**Description of the task**
Pull out of the data below the stretch of lines bounded by the one containing "Создано на основе" and the one containing "Plush stuffed toy", both bounds included, unchanged.

**Data to use**
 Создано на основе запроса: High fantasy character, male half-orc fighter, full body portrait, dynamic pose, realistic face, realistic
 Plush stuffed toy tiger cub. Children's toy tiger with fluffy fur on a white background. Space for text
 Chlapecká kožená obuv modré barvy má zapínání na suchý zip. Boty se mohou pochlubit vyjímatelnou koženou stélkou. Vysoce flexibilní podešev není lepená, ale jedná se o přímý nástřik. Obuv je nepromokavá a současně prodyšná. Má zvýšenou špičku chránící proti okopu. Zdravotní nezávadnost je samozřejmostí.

* * *

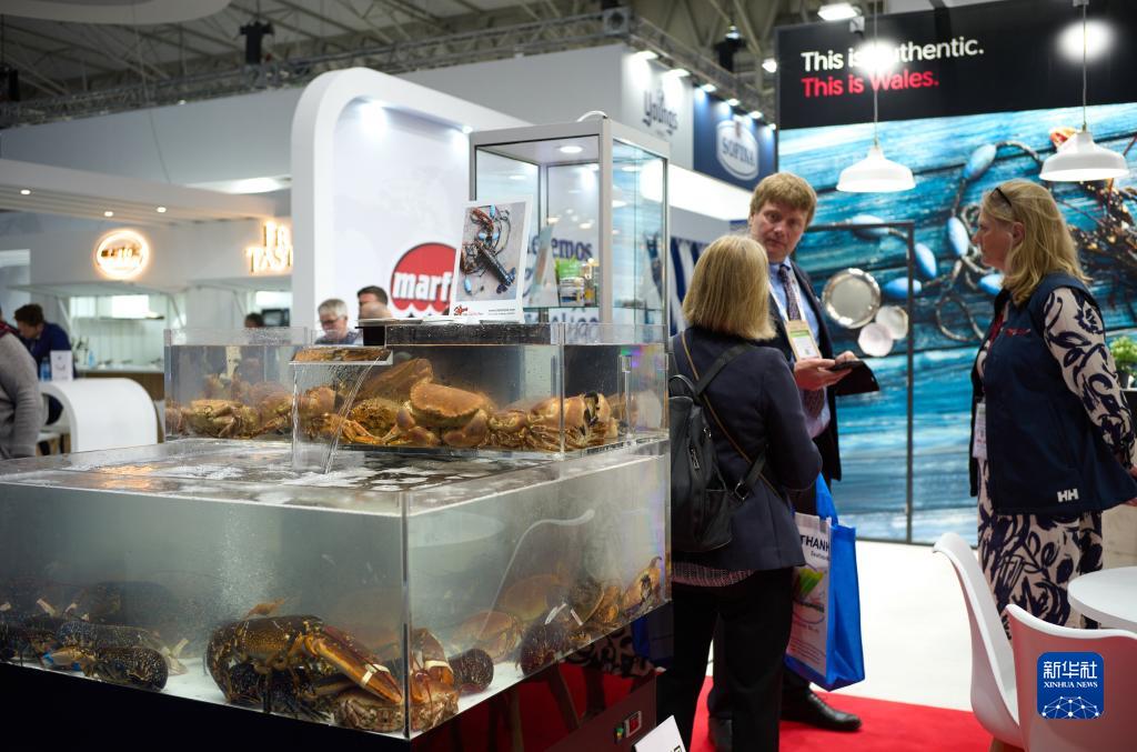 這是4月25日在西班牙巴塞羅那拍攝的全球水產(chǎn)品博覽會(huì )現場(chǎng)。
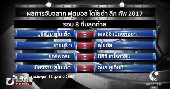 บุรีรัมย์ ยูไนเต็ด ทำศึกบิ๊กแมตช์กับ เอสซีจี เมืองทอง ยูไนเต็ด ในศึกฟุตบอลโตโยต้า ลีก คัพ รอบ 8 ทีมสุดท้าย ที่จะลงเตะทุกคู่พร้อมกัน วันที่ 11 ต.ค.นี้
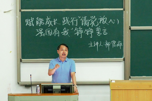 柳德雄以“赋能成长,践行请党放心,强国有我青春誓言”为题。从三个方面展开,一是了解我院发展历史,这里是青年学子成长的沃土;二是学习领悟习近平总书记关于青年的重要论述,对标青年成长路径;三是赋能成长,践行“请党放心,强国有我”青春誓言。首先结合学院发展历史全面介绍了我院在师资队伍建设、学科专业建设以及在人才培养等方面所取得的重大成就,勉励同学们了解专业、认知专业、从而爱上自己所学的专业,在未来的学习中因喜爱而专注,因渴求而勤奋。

...

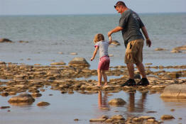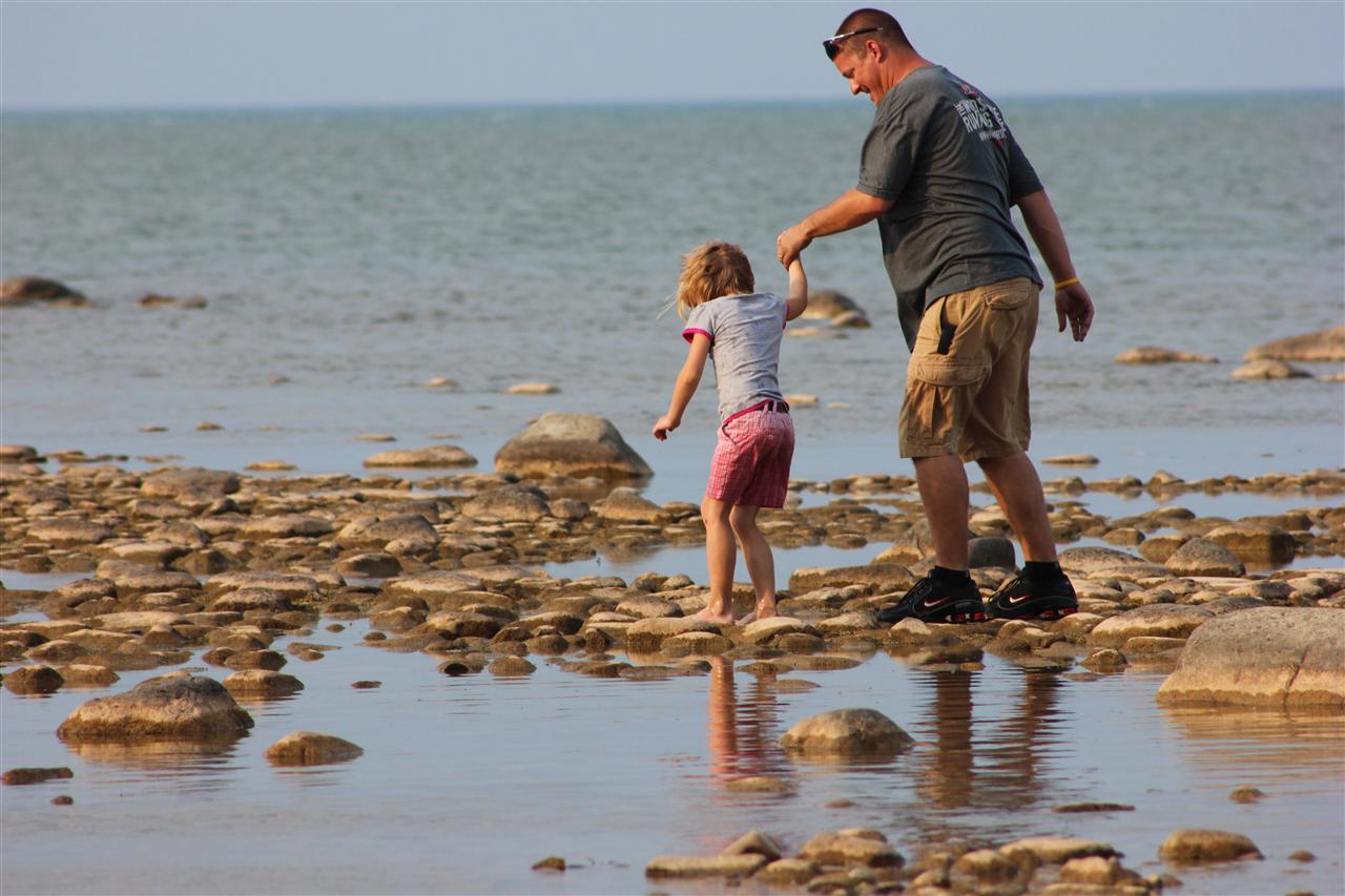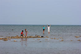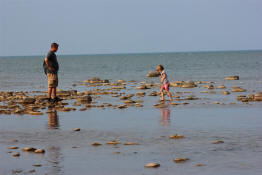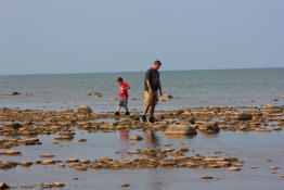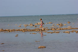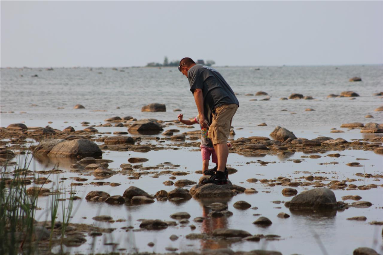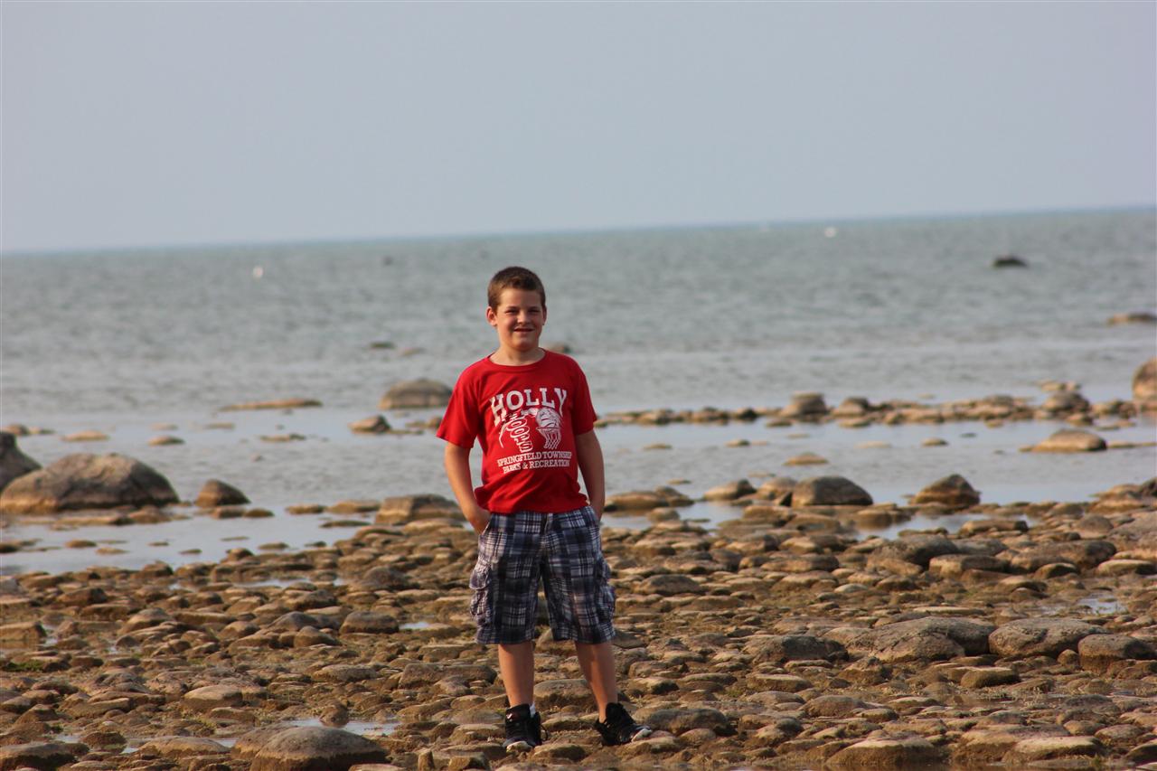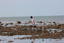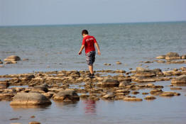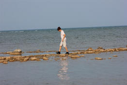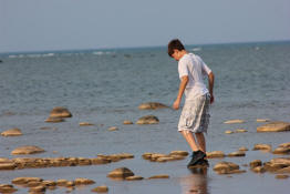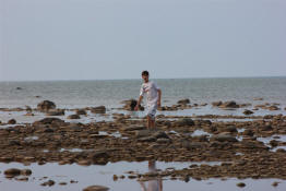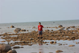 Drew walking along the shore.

**Task response**
 Создано на основе запроса: High fantasy character, male half-orc fighter, full body portrait, dynamic pose, realistic face, realistic
 Plush stuffed toy tiger cub. Children's toy tiger with fluffy fur on a white background. Space for text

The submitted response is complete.